• DATASET CONTENT:
»»
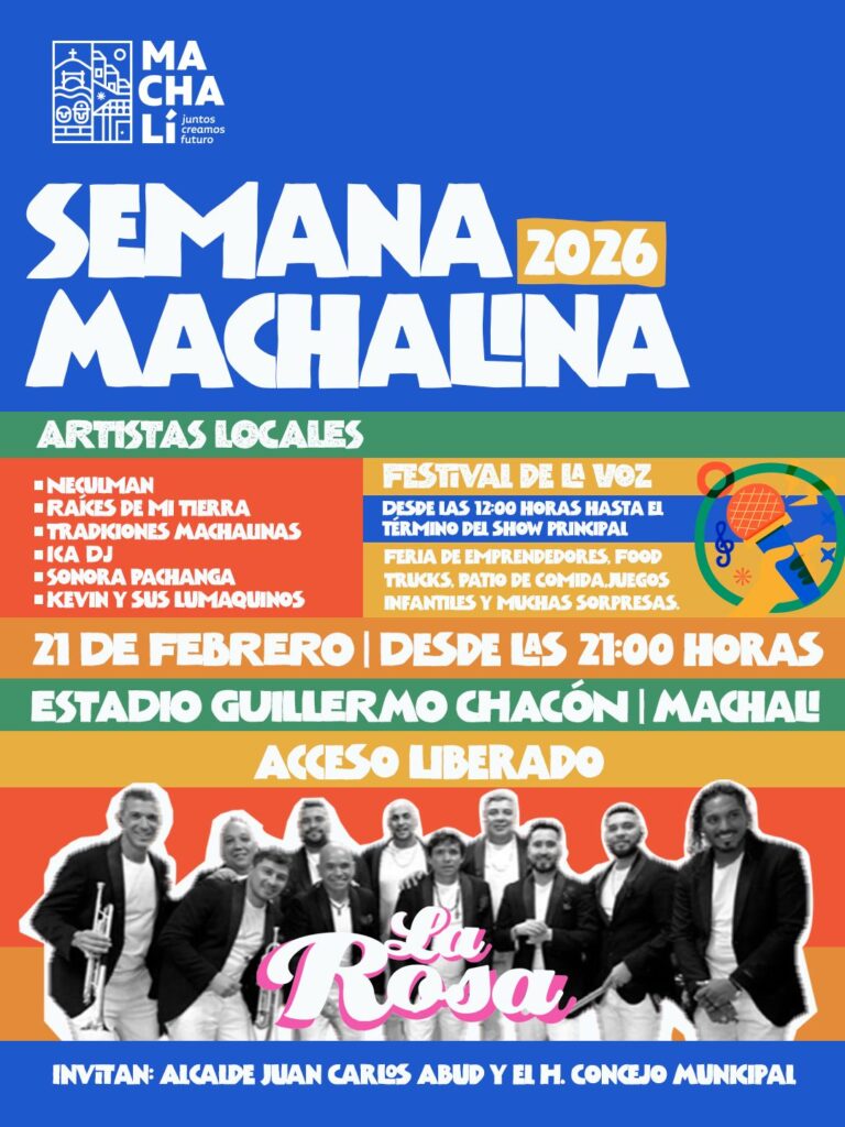 Para el sábado 21, la parrilla artística incluirá a Neculman, Raíces de Mi Tierra, Tradiciones Machalinas, Ica DJ, Sonora Pachanga y Kevin y sus Lumaquinos. El espectáculo principal será protagonizado por la banda argentina Grupo La Rosa, referente de la cumbia romántica latinoamericana.
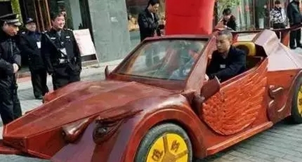 千萬別小看了坐在這個紅木跑車里的小哥,人家可是土豪!據說光制作該紅木跑車就花費了幾十萬,耗時半年多,真會玩!
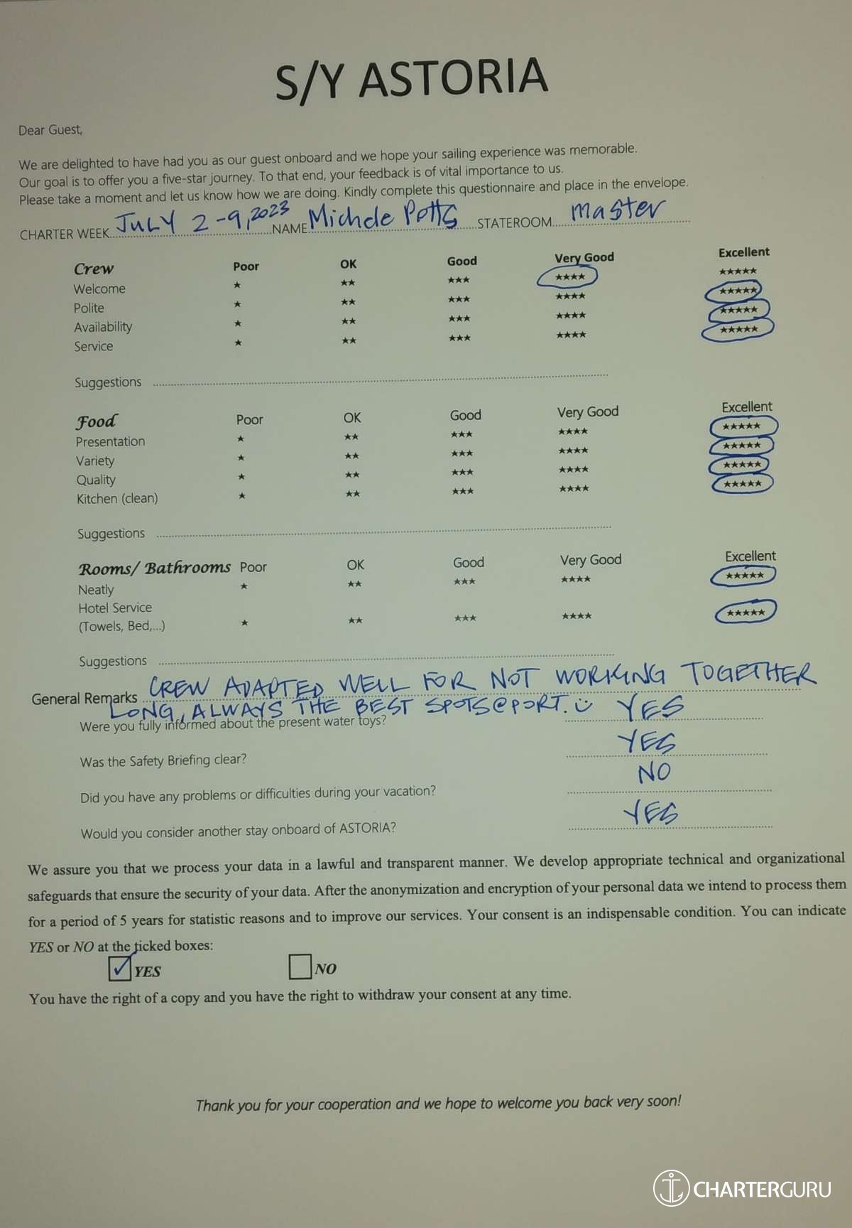 A professional crew of three — captain, hostess, and chef — delivers impeccable service, catering to every guest’s needs with enthusiasm and attention to detail. From expertly prepared meals to curated itineraries and watersport adventures, the Astoria experience is designed to delight.
««
• TASK TO CARRY OUT:
Your task is to reproduce all of the material exactly. The pictures stay out.

• ANSWER FOR THIS EXERCISE:
 Para el sábado 21, la parrilla artística incluirá a Neculman, Raíces de Mi Tierra, Tradiciones Machalinas, Ica DJ, Sonora Pachanga y Kevin y sus Lumaquinos. El espectáculo principal será protagonizado por la banda argentina Grupo La Rosa, referente de la cumbia romántica latinoamericana.
 千萬別小看了坐在這個紅木跑車里的小哥,人家可是土豪!據說光制作該紅木跑車就花費了幾十萬,耗時半年多,真會玩!
 A professional crew of three — captain, hostess, and chef — delivers impeccable service, catering to every guest’s needs with enthusiasm and attention to detail. From expertly prepared meals to curated itineraries and watersport adventures, the Astoria experience is designed to delight.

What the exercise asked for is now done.